Es gibt Menschen, die scheinen für die Bühne geboren. Sie bewegen sich dort, wo alle Aufmerksamkeit auf ihnen ruht, als hätten sie nie etwas anderes gemacht. Ängste? Unsicherheiten? Keine Spur. Genau so ist es auch bei Anne-Sophie Zarour. Ob Schauspiel, Gesang oder Moderation - sie scheint im Rampenlicht jederzeit sie selbst zu sein und kann ihre Persönlichkeit und Präsenz frei wirken lassen. Wer sie in Aktion erlebt, hat kaum eine andere Wahl, als sich berühren zu lassen.

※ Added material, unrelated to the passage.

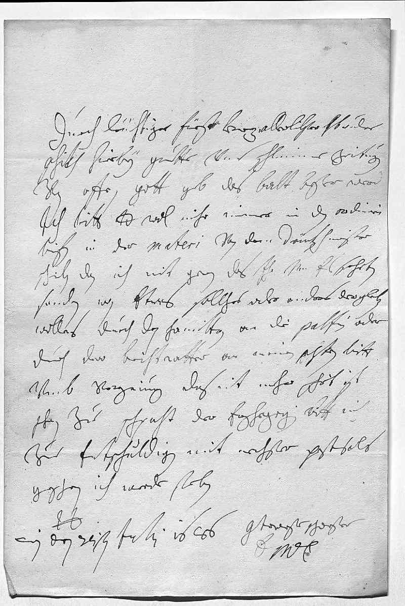0001Durchleüchtiger Fürst, herzallerliebster herr bruder 0002Schikh hierbey guette vnd schlime zeitungen 0003von Offen, gott geb, das balt beßer werd. 0004Ich bitt dero Liebden wol, mihr nimmer in den ordinari 0005brifen in der materi von dem Deütschmeister zu0006schreiben, dan ich nit gern hätte, das ihr Mayestät es seheten, 0007sondern wan etwas sollches oder anders dergleichen, 0008wollens durch den Hamilton an die Palfin oder 0009durch dero beichtvatter an meinen schiken. Bitt 0010vmb verzeiung, das nit mehr schreib, ist 0011schon zue schpaht. Der Erzherzogin bitt mich 0012zue entschuldigen, mit nechster post sols 0013geschen. Ich werde sterben 0014dero Liebden 0015getreweste schwester 0016EMT 0017Wien den 25ten julij 1686

So erging es auch Bernt Wach und Mathilda Kochan. Die beiden Führungsköpfe aus dem Kosmos der Kulturetage sahen Anne als (Laien-)Schauspielerin beim letzten Kultursommer in den „Gartenträumen jenseits von Eden“ und hatten denselben Gedanken: Da geht mehr! Und so schrieben sie dem Schauspieltalent ein Format auf den Leib, das es in dieser Form bisher nicht gab - bei dem man sich aber fragt, warum es nicht längst etabliert ist: Annes Kultursalon.
ANNES KULTURSALON
THEMA: JUNGE KULTUR IN OLDENBURG
FREITAG, 31. MAI, 19 UHR
BAHNHOFSTRAßE 11
26122 OLDENBURG
Ärztin auf Abwegen
Geplant hatte Anne das allerdings nicht. Als sie im September 2015 nach Oldenburg kam, ging es nicht etwa um eine Bühnenkarriere. Die Ärztin wechselte nämlich von Leipzig aus an die Kinder- und Jugendpsychiatrie am Klinikum in Kreyenbrück. Dort absolviert sie parallel zu ihrer Tätigkeit eine Ausbildung zur Fachärztin für Jugendpsychologie. Im Mittelpunkt ihrer vollen Tage stehen also ihre jungen Patient:innen, ihre berufliche Weiterbildung und dazu noch ihre eigene fünfköpfige Familie. Und man fragt sich: Wie passt die Kultur dort eigentlich hinein?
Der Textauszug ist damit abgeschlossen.